• What the task requires
Reproduce exactly only the lines from the line that holds "Kort efter klokken" to the line that holds "seer sucker style", inclusive, in the listing below, and please leave out every picture.

• The input
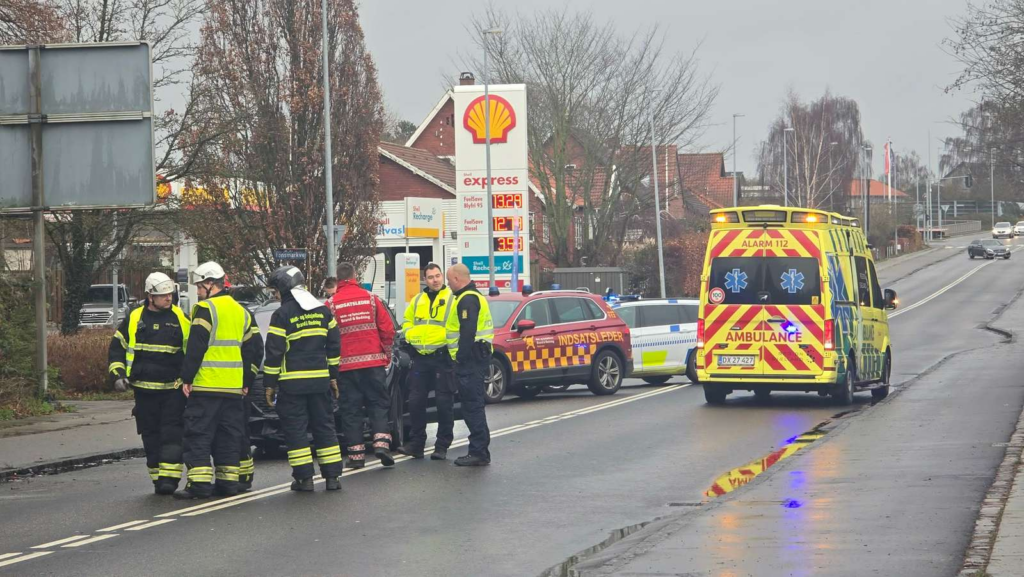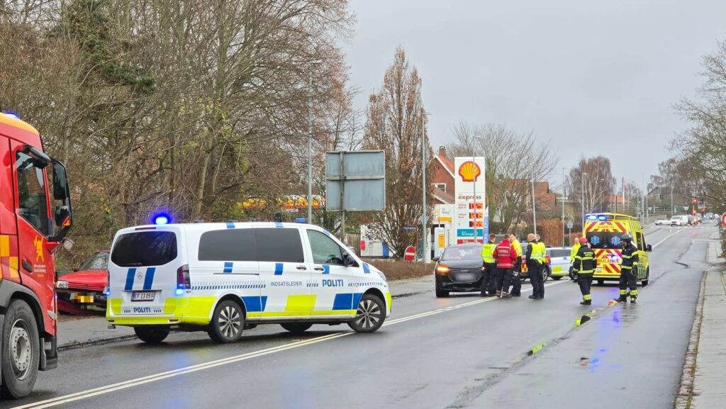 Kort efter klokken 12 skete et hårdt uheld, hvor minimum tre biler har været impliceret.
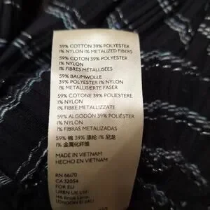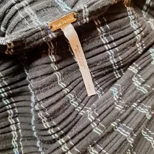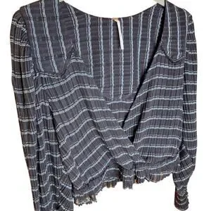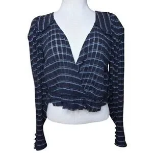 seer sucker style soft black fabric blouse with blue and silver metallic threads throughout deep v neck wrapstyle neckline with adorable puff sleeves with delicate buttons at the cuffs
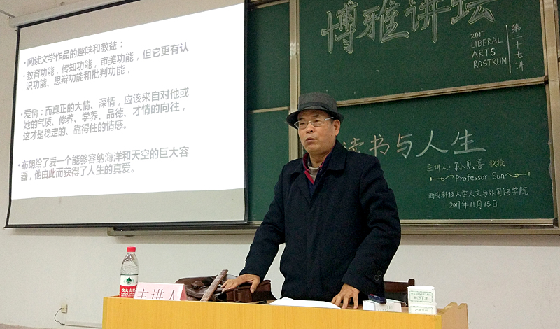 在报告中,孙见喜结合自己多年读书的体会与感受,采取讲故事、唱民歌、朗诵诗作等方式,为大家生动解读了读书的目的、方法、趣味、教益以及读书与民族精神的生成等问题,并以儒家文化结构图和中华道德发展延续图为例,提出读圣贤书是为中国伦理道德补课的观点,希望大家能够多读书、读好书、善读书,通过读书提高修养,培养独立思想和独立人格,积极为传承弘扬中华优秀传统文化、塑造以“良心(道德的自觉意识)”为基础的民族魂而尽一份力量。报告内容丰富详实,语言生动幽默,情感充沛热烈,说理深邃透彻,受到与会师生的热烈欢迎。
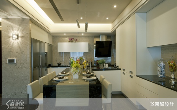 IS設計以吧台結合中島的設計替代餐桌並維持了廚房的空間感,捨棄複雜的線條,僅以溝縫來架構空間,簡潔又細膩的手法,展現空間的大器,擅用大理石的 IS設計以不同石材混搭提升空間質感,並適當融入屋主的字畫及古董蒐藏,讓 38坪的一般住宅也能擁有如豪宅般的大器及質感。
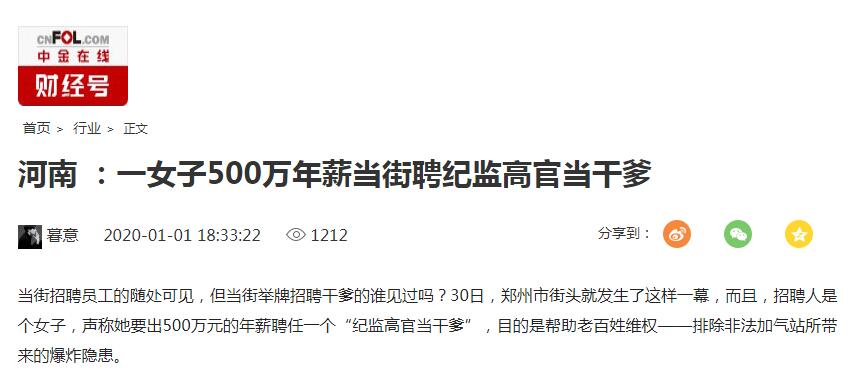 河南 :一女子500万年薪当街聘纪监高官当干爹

==

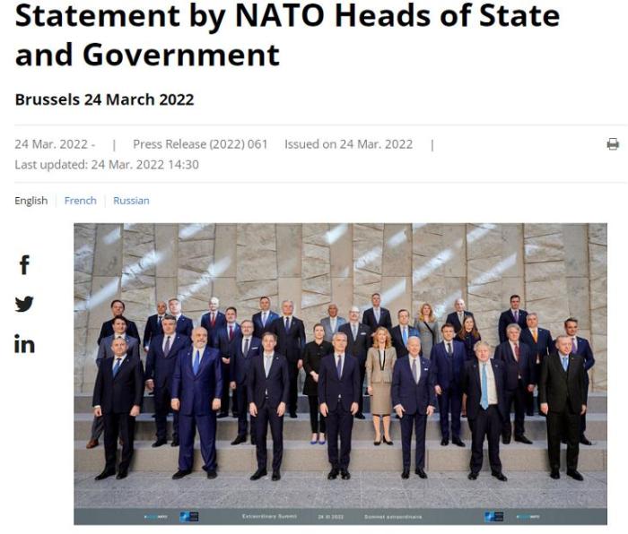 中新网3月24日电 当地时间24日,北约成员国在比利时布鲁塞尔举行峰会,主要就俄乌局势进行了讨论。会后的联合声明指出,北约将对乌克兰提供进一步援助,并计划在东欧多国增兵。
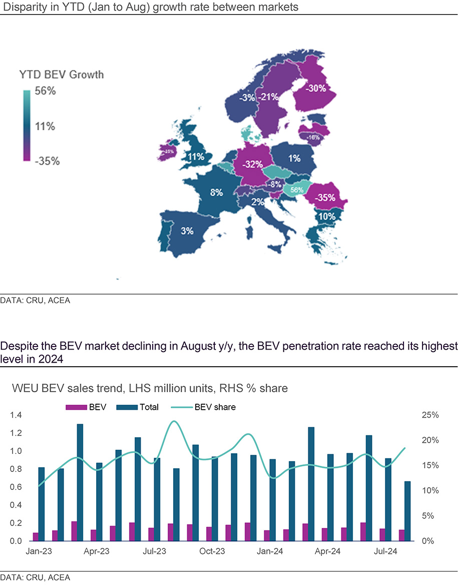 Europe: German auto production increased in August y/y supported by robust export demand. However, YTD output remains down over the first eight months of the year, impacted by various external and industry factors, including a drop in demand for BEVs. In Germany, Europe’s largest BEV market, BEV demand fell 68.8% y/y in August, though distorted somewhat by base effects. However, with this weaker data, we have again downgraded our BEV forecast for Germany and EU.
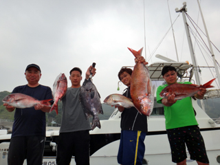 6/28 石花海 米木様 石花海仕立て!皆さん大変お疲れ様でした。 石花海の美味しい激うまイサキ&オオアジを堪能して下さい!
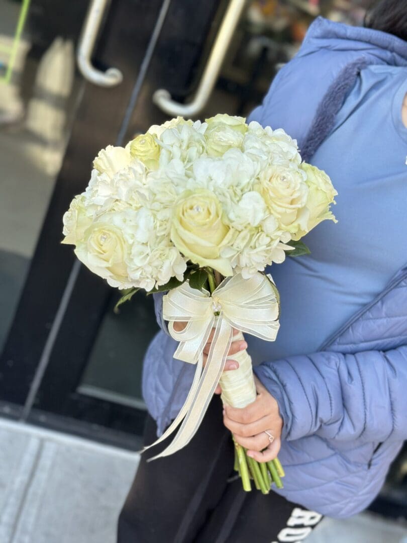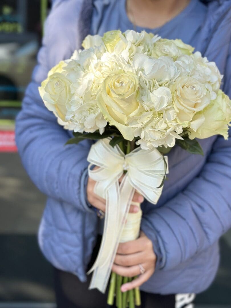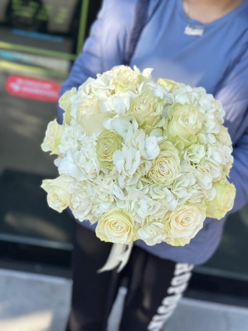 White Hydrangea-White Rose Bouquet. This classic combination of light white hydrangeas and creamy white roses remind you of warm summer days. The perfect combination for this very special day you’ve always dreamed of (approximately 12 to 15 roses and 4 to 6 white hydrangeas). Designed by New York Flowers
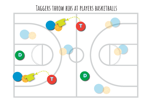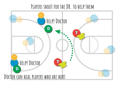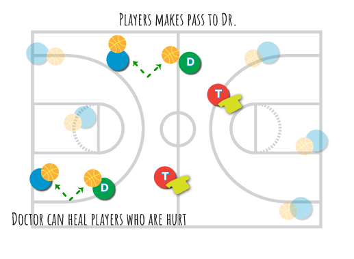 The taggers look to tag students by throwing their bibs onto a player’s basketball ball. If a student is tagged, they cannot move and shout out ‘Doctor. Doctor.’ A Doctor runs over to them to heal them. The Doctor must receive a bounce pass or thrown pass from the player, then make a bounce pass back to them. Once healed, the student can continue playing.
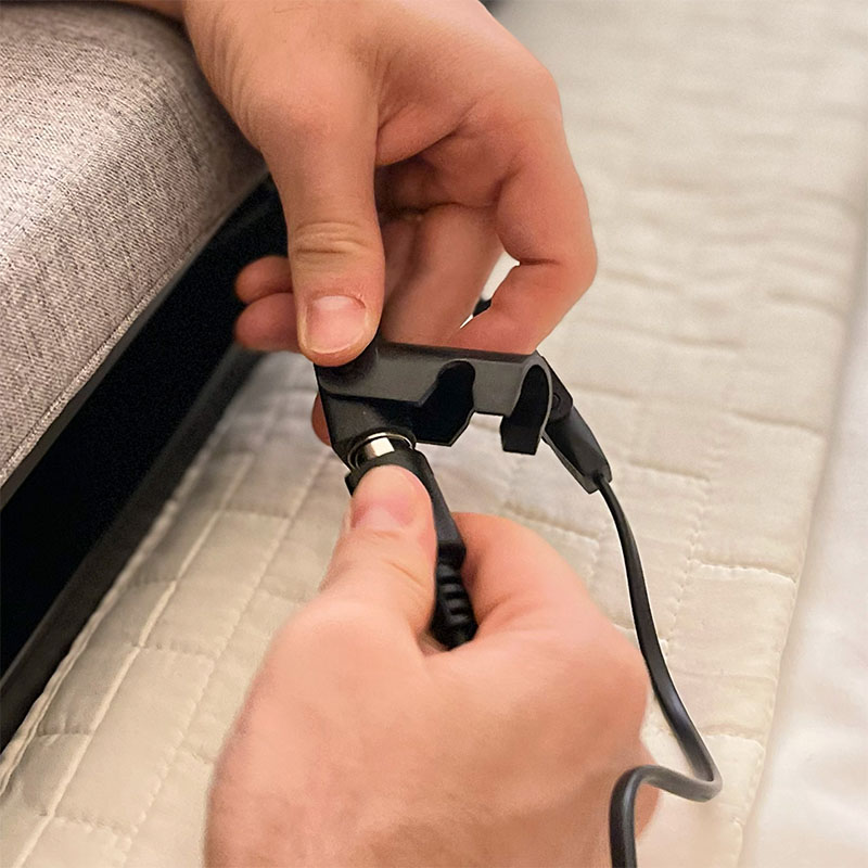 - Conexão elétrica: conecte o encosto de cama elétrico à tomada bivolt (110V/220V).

• Solution for this problem
 Kort efter klokken 12 skete et hårdt uheld, hvor minimum tre biler har været impliceret.
 seer sucker style soft black fabric blouse with blue and silver metallic threads throughout deep v neck wrapstyle neckline with adorable puff sleeves with delicate buttons at the cuffs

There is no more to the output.